To Celebrate The Unity of All Life: WAL items on show this autumn

The Women’s Art Library collection has contributed to three outstanding exhibitions in London this autumn, lending materials to the Barbican, Four Corners Gallery and Tate Britain.

poster with note attached with aging cellotape
Greenham Peace Camp poster from the Women’s Art Library collection, Goldsmiths University of London

 

Firstly the Barbican show Re/Sisters: A Lens on Gender and Ecology https://www.barbican.org.uk/ReSisters which features women engaging with eco-politics. Curator Hannah Wood researched materials relating to the Greenham Common Peace Camp held in the WAL collection and selected one of the most affective posters in the WAL collection to display titled ‘To Celebrate the Unity of All Life’. Her research also identified an original artwork titled Embrace the Base, discovered in the slidefile featuring Kim Valdez who deposited slides of her ceramic sculpture in the late 1980s,

Tate Britain has been transformed by curator Linsey Young and her team presenting the Women in Revolt exhibition which celebrates the UK-based intersectional activism of women’s art practices from 1970-90. https://www.tate.org.uk/whats-on/tate-britain/women-in-revolt The WAL collection was heavily consulted and amongst the items lent to the show there is the Equal Pay NOW poster that kicks off the show alongside Chandan Fraser’s photographs of marches and the first Women’s Liberation Conference in England.

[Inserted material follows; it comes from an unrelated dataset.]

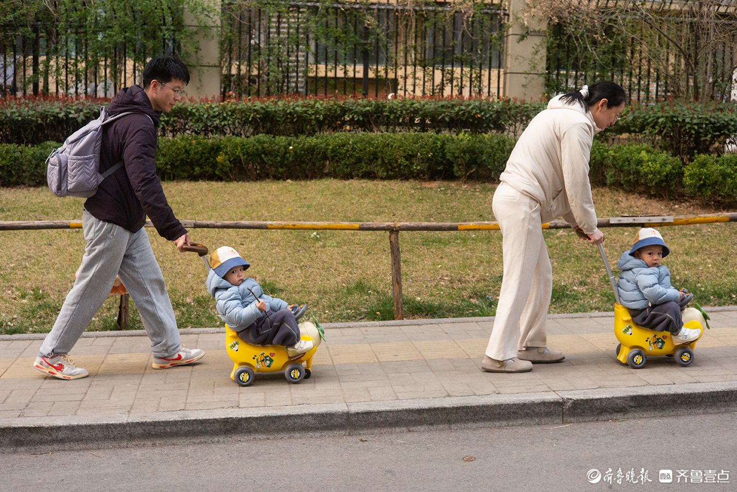 3月19日,济南吉康街,夫妻俩分别推着同款黄色卡通学步车,载着双胞胎孩子并肩行走在春日的回家路上。王剑摄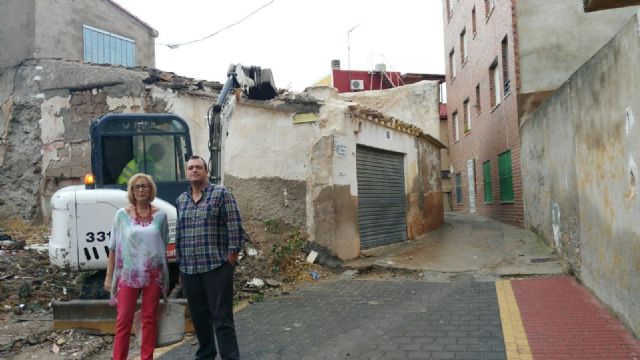 a Concejal de Obras y Desarrollo Local del Ayuntamiento de Lorca, Eulalia Ibarra, y el edil de Emergencias, Juan Miguel Bayonas, han visitado esta mañana las obras de remodelación de la Calle Capachas y adyacentes, en el entorno de la Ramblilla de Tejares, donde esta semana se realizará la demolición de un muro y dos cocheras que estrechaban la travesía de esa calle de forma que sólo dejaban un paso de 1,5 metros de anchura, algo totalmente inaccesible para vehículos.

Chandan Fraser’s photos were made available by Four Corners who are about to open an exhibition at their gallery featuring the critical laminated photography shows that toured through the 1970s into the mid 1980s. https://www.fourcornersfilm.co.uk/whats-on/photography-on-the-move-the-half-moon-touring-shows-1976-1984. WAL is lending a sample of panels from the feminist exhibition Gaining Momentum featuring 8 women photographers and organized by Shirley Read who kindly donated the extant version of the original exhibition to the Women’s Art Library.